11. Michael Douglas (1987)

His signature role as greedy tycoon Gordon Gekko in Oliver Stone’s Wall Street won him an Oscar and gave him one of the most famous cinematic speeches ever. He also lit up the screen in the blockbuster thriller Fatal Attraction, which was the year’s second largest grosser.

10. Julia Roberts (1999)

She started the decade with a smash star making turn in Pretty Woman. Julia Roberts ended it with two romantic comedy summer $100 million plus earners: Notting Hill with Hugh Grant and Runaway Bride (which reunited her with Pretty costar Richard Gere). She’d win her Oscar the next year for Erin Brockovich.

9. Tom Cruise (1996)

1986 wasn’t too shabby either with Top Gun and The Color of Money. Yet it’s a decade later that serves as Cruise’s year with the franchise starter Mission: Impossible in the summer and Cameron Crowe’s Jerry Maguire, which earned Cruise a Golden Globe award and an Oscar nod. They were the third and fourth biggest hits of the year, respectively.

8. Sandra Bullock (2013)

Nearly two decades after her breakout role in Speed, Bullock had a banner 2013 alongside Melissa McCarthy in the summer comedy The Heat and her Oscar nominated turn as a stranded astronaut in the fall’s Gravity.

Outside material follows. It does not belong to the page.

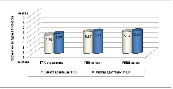 нію з фарами з РЛВИ відчуття дискомфортною блескости. Усереднені показники засліпленості показують також, що зовнішнє засліплення спостерігача вище, якщо в його власному автомобілі (автомобіль спостерігача) використовуються фари з ГЛН і його очі адаптовані до СРЭИ ГЛН. У зв'язку з тим, що продемонстровані відмінності

7. Sylvester Stallone (1985)

Sly was the undisputed champion of the box office (not to mention sequels and Roman numerals) in 1985, notching the second and third top hits of the year behind Back to the Future. They were for his two signature characters with Rambo: First Blood Part II and Rocky IV.

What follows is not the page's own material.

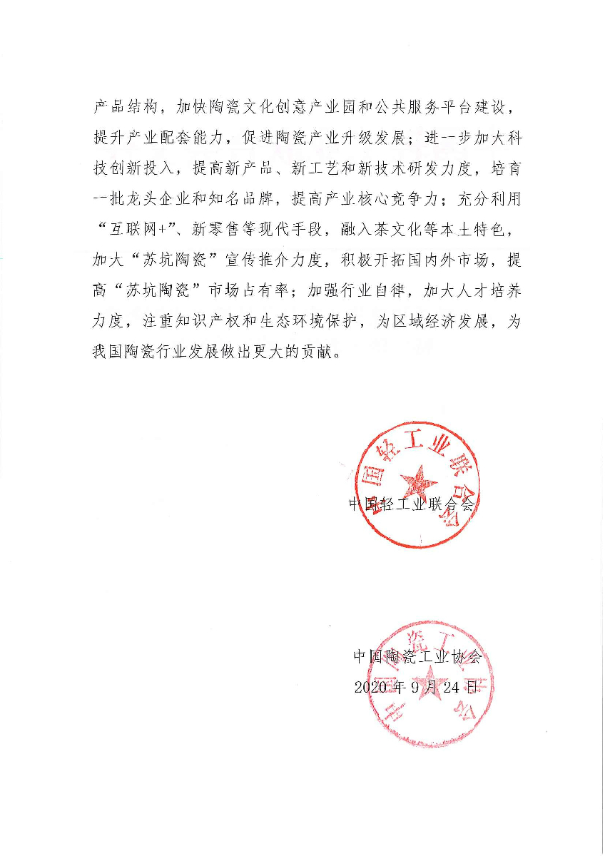糖心视频 - 关于授予福建省永春县苏坑镇“中国陶瓷特色镇·苏坑”称号的通知

6. Robert Downey Jr. (2008)

A decade after all the wrong kind of headlines for his drug addiction, Downey Jr. pulled off perhaps the most impressive comeback in movie history. 2008 saw him as Tony Stark in Iron Man, the film that kicked off the MCU in grand fashion. Later that summer came Ben Stiller’s Tropic Thunder, which earned Downey a rare Oscar nod for a comedic performance.

5. Tom Hanks (1993)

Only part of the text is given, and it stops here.